Add fast direction-quality measurement on existing DFA checkpoints

3-seed result on the existing dfa_s{42,123,456}.pt checkpoints from results/confirmatory/checkpoints_A2/, computing per-layer cosine of DFA's local credit signal e_T@B_l^T vs the true BP gradient at h_l. Key findings: per-layer cos (3-seed mean): l0: +0.42 (high — embedding alignment) l1: +0.006 (essentially zero) l2: -0.015 (essentially zero) l3: -0.004 (essentially zero) l4: -0.004 (essentially zero) layer-mean across all 5: +0.07-0.10 The deep blocks (l1-l4) have essentially zero alignment with BP grad in the vanilla scale-failure regime. Layer 0 dominates the headline. The script reconstructs the training-time random Bs by replaying the RNG sequence (torch.manual_seed + ResidualMLP construction + randn draws), since the existing checkpoints don't save Bs. For the still-running direction-quality experiment which DOES save Bs, the script auto-detects the dict format and uses the saved Bs directly.
author: YurenHao0426 <Blackhao0426@gmail.com> 2026-04-07 23:21:32 -0500
committer: YurenHao0426 <Blackhao0426@gmail.com> 2026-04-07 23:21:32 -0500
commit: 8f67bdeebac543961871b9896a62cd07b7a5be26 (patch)
tree: 63fec268bf894b61875ccf90e173af4e4264cb81 /experiments
parent: 5771a122300f9d30a6290fcbfc9bffb5f380e648 (diff)
1 files changed, 143 insertions, 0 deletions
diff --git a/experiments/measure_direction_quality_existing_ckpt.py b/experiments/measure_direction_quality_existing_ckpt.py
new file mode 100644
index 0000000..d150eb3
--- /dev/null
+++ b/experiments/measure_direction_quality_existing_ckpt.py
@@ -0,0 +1,143 @@
+"""
+Fast direction-quality measurement using EXISTING checkpoints. No training.
+
+Loads the vanilla DFA s42 checkpoint from
+`results/confirmatory/checkpoints_A2/dfa_s42.pt` and computes the per-layer
+cosine between DFA's local credit signal `a_l = e_T @ B_l^T` and the BP
+gradient `g_l = ∂L/∂h_l`. This is the "Γ on the degenerate reference"
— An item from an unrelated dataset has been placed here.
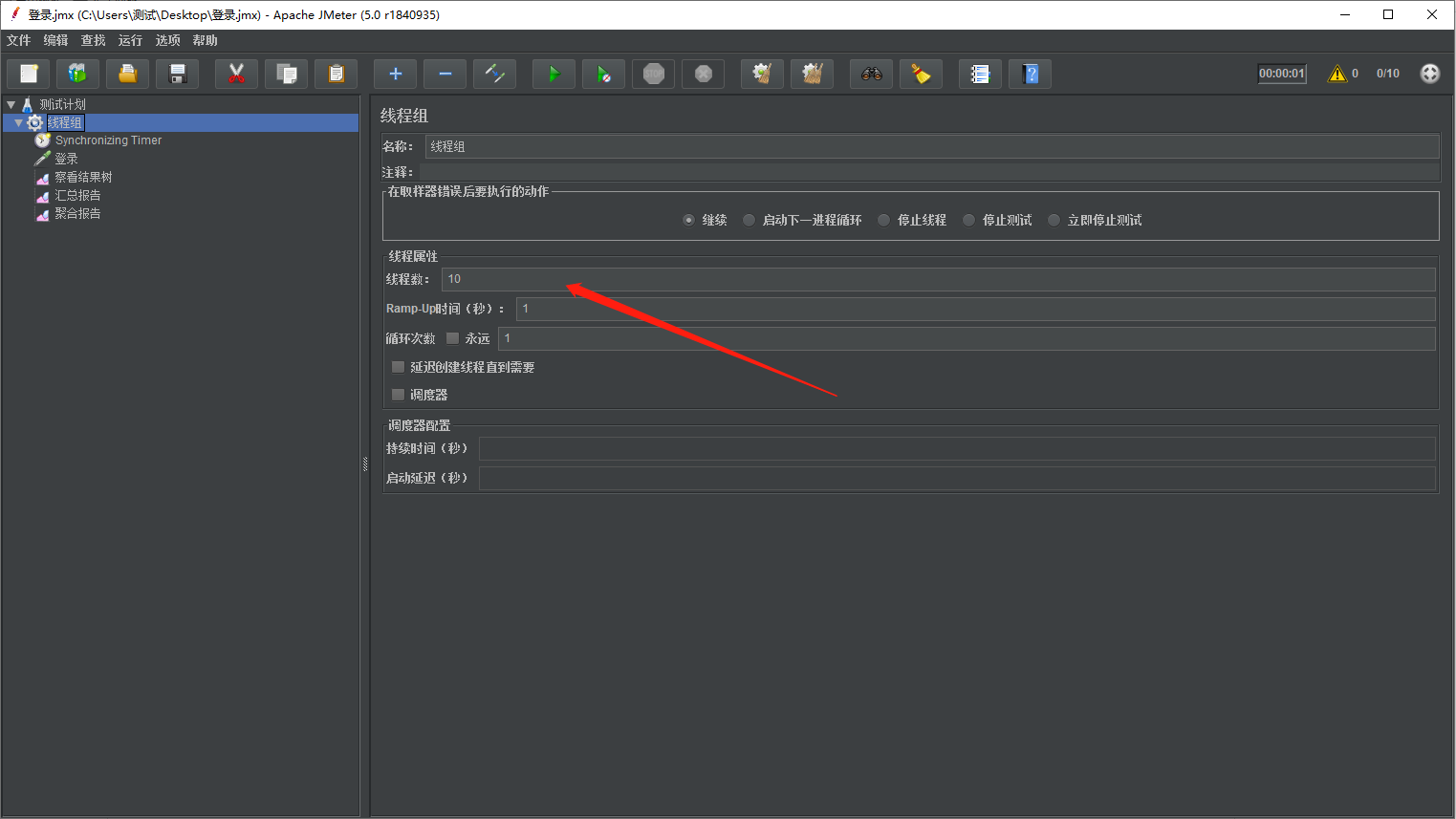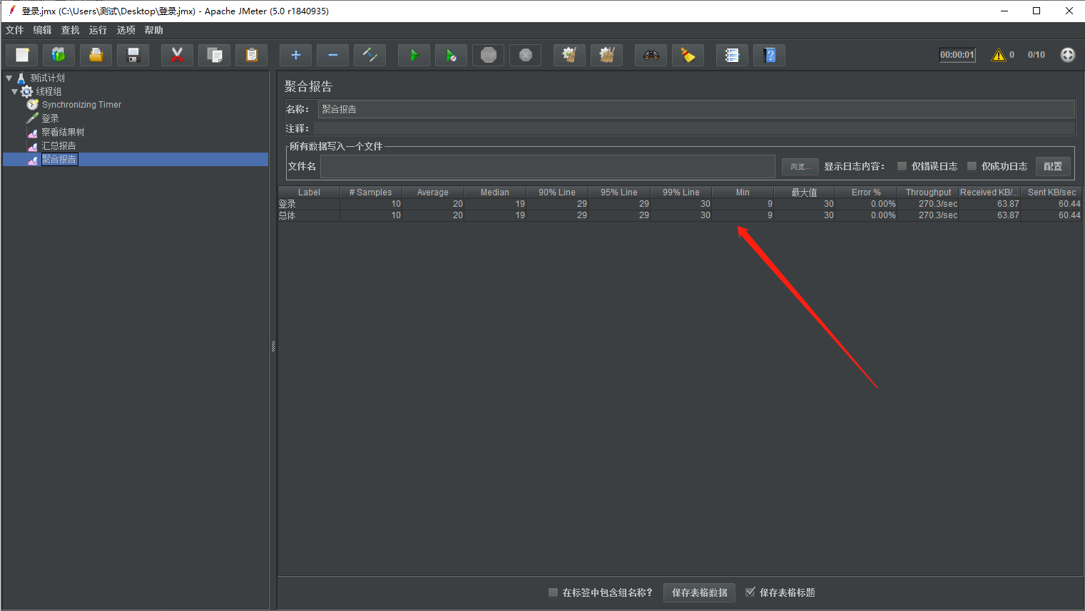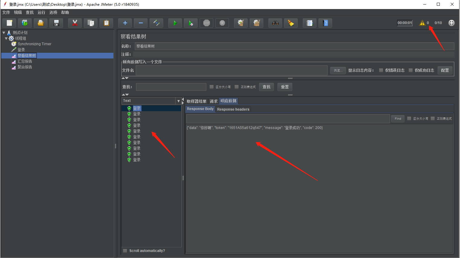 这里对一个接口并发十次,但是真正意义的登录性能测试,是多个用户进行登录。这里条件限制就用一个接口进行登录的并发测试。

+measurement — what the field-standard FA evaluation reports.
+
+The catch: the trained-time random feedback Bs were not saved in the
+existing checkpoint. We reconstruct them by replaying the training-time
+RNG sequence (`torch.manual_seed(seed); ResidualMLP(...); randn(d, C)`),
+matching what the original DFA trainer did.
+
+For the "scale-fixed" comparison case, we'll need a penalized DFA checkpoint
+(which `experiments/dfa_direction_quality_test.py` is currently saving in
+the background). Once that lands, this script can be reused with --ckpt
+pointing to the penalized one.
+
+Run:
+    CUDA_VISIBLE_DEVICES=2 python experiments/measure_direction_quality_existing_ckpt.py
+"""
+import os
+import sys
+import argparse
+
+import numpy as np
+import torch
+import torch.nn.functional as F
+import torchvision
+import torchvision.transforms as transforms
+from torch.utils.data import DataLoader
+
+sys.path.insert(0, os.path.dirname(os.path.dirname(os.path.abspath(__file__))))
+
+from models.residual_mlp import ResidualMLP
+
+
+def load_eval(n=2048, device="cuda:0"):
+    tv = transforms.Compose([
+        transforms.ToTensor(),
+        transforms.Normalize((0.4914, 0.4822, 0.4465), (0.2470, 0.2435, 0.2616)),
+    ])
+    te = torchvision.datasets.CIFAR10("./data", train=False, download=True, transform=tv)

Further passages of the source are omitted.